▸ WHAT THE TASK ASKS: Once the pictures are set aside, repeat all of the data below exactly.

▸ PROVIDED DATA:
*** Begin section ***

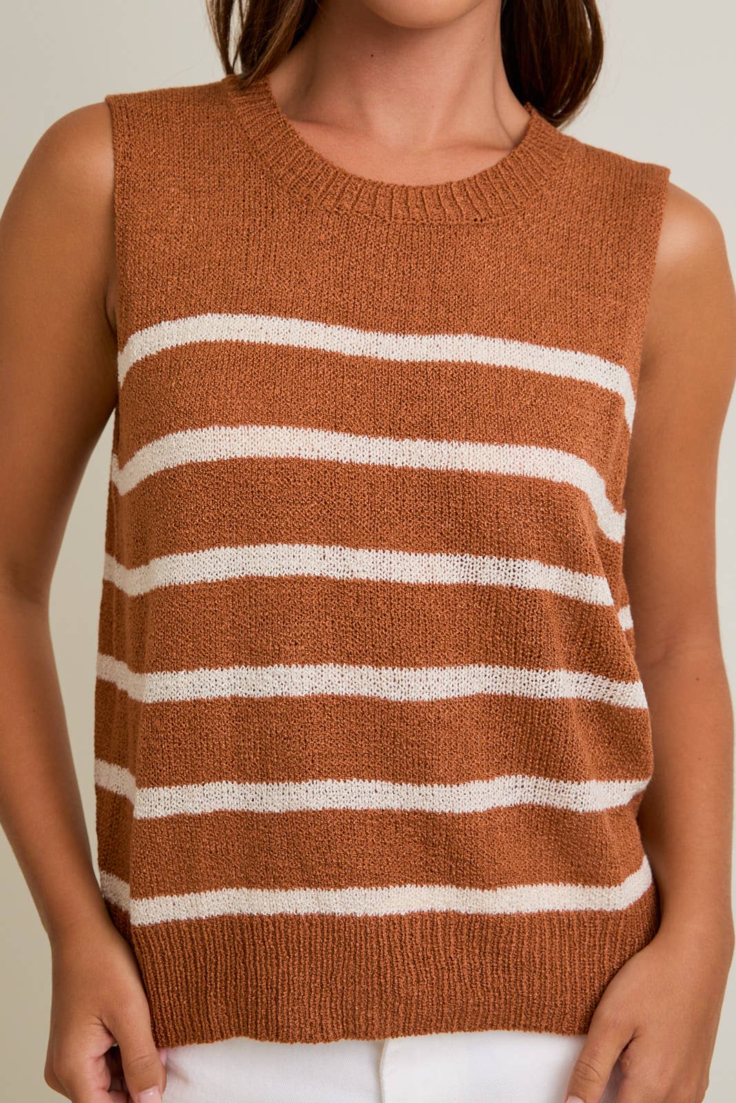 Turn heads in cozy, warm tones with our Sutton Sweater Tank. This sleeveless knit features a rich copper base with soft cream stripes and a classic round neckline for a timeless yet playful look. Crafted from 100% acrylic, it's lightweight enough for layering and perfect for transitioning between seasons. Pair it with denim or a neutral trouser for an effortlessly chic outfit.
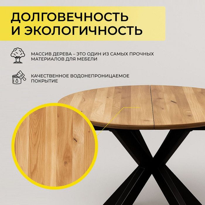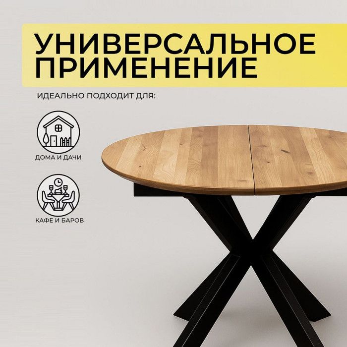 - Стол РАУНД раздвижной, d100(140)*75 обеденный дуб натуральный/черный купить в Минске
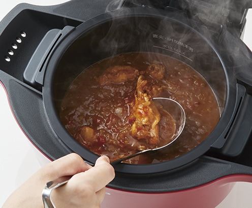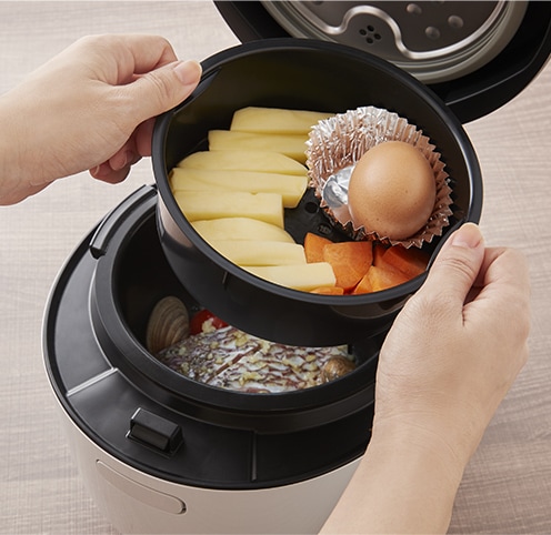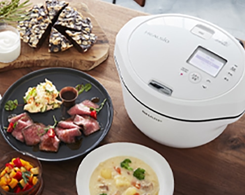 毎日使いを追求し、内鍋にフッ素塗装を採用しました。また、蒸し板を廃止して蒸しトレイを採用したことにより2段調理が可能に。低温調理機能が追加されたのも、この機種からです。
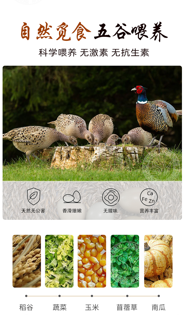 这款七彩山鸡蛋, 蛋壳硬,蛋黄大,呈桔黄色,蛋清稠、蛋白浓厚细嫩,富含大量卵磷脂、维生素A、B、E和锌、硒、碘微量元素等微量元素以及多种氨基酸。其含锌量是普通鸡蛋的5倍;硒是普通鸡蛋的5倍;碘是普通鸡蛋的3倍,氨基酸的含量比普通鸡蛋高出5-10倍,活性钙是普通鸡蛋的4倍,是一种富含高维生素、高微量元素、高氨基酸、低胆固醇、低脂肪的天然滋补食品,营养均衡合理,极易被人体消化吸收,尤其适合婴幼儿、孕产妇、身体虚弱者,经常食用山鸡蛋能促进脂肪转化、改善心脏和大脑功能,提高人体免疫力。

*** End section ***

▸ WRITTEN ANSWER:
 Turn heads in cozy, warm tones with our Sutton Sweater Tank. This sleeveless knit features a rich copper base with soft cream stripes and a classic round neckline for a timeless yet playful look. Crafted from 100% acrylic, it's lightweight enough for layering and perfect for transitioning between seasons. Pair it with denim or a neutral trouser for an effortlessly chic outfit.
 - Стол РАУНД раздвижной, d100(140)*75 обеденный дуб натуральный/черный купить в Минске
 毎日使いを追求し、内鍋にフッ素塗装を採用しました。また、蒸し板を廃止して蒸しトレイを採用したことにより2段調理が可能に。低温調理機能が追加されたのも、この機種からです。
 这款七彩山鸡蛋, 蛋壳硬,蛋黄大,呈桔黄色,蛋清稠、蛋白浓厚细嫩,富含大量卵磷脂、维生素A、B、E和锌、硒、碘微量元素等微量元素以及多种氨基酸。其含锌量是普通鸡蛋的5倍;硒是普通鸡蛋的5倍;碘是普通鸡蛋的3倍,氨基酸的含量比普通鸡蛋高出5-10倍,活性钙是普通鸡蛋的4倍,是一种富含高维生素、高微量元素、高氨基酸、低胆固醇、低脂肪的天然滋补食品,营养均衡合理,极易被人体消化吸收,尤其适合婴幼儿、孕产妇、身体虚弱者,经常食用山鸡蛋能促进脂肪转化、改善心脏和大脑功能,提高人体免疫力。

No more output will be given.